Each turn consists of a user message, the assistant’s response, and the names of any tools used. The full text of all three gets concatenated into the search corpus. Four tools expose it:
search_conversations: BM25 search across all turns, with optional filtering by session or datelist_conversations: browse sessions with metadata (slug, summary, timestamps, turn count)read_turn: fetch a single turn with full fidelityread_conversation: paginate through a session sequentially
The index stores lightweight text for search, but read_turn and read_conversation re-parse the JSONL on demand. Searches hit the in-memory BM25 index, but reads always reflect the full source data. Tool calls get rendered as compact summaries rather than raw JSON blobs: a Read call becomes {"tool": "Read", "file": "/path/to/file"} instead of the full input blob, a Write becomes the path and character count. The agent gets enough context to understand what happened in a past session without drowning in raw JSON.
Debounced Reindexing
Conversation files get appended to every few seconds during an active session. A naive watchdog handler would trigger a full reindex on every append, potentially dozens of times per minute. The conversation search server uses a 2-second debounce:
class _ConvChangeHandler(FileSystemEventHandler):
"""Rebuilds the BM25 index when JSONL files change, with 2s debounce."""
def __init__(self):
self._debounce_timer: threading.Timer | None = None
self._debounce_lock = threading.Lock()
def _schedule_reindex(self):
with self._debounce_lock:
if self._debounce_timer is not None:
self._debounce_timer.cancel()
self._debounce_timer = threading.Timer(2.0, self._do_reindex)
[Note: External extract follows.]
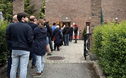 Kolejka przed obwodową komisją wyborczą w Drammen w Norwegii

self._debounce_timer.daemon = True
self._debounce_timer.start()
def _do_reindex(self):
global _bm25_retriever, _corpus, _conversations
corpus, retriever, conversations = _build_index()
with _index_lock:
_corpus = corpus
_bm25_retriever = retriever
_conversations = conversations
def _maybe_reindex(self, path: str):
if not path.endswith(".jsonl"):
return
self._schedule_reindex()
Each filesystem event resets the timer. The reindex only fires 2 seconds after the last change. During active conversation, the index stays a few seconds behind, which is fine, since you rarely need to search the message you just sent.
Self-Review
I built the conversation search server to help the agent recall prior work. “What did we decide about X last week?” or “how did I solve this error before?” Useful, but incremental. Then I asked it to search its own conversation history for patterns: “Search the last 20 conversations for things you consistently do wrong or could do better.”
It found real problems:
- Subagents starved of context: dispatched with vague prompts, left to rediscover information the parent already had
- Reaching for Bash (
ls,cat,find) instead of purpose-built tools, triggering unnecessary permission prompts - Context compaction mid-session causing disorientation: notes restructured as active working memory, not just archival
The conversation search server paid for itself within an hour of deployment.
Why BM25, Not Vectors
Agents already search with keywords, not questions. This is easy to miss if you’re thinking about search from a human UX perspective, but watch what actually happens when an agent calls a search tool, even web search, the most natural-language-friendly search interface available. These are from real agent traces:
# web searches: already keyword-based
WebSearch("watchdog FSEvents inotify python file monitoring")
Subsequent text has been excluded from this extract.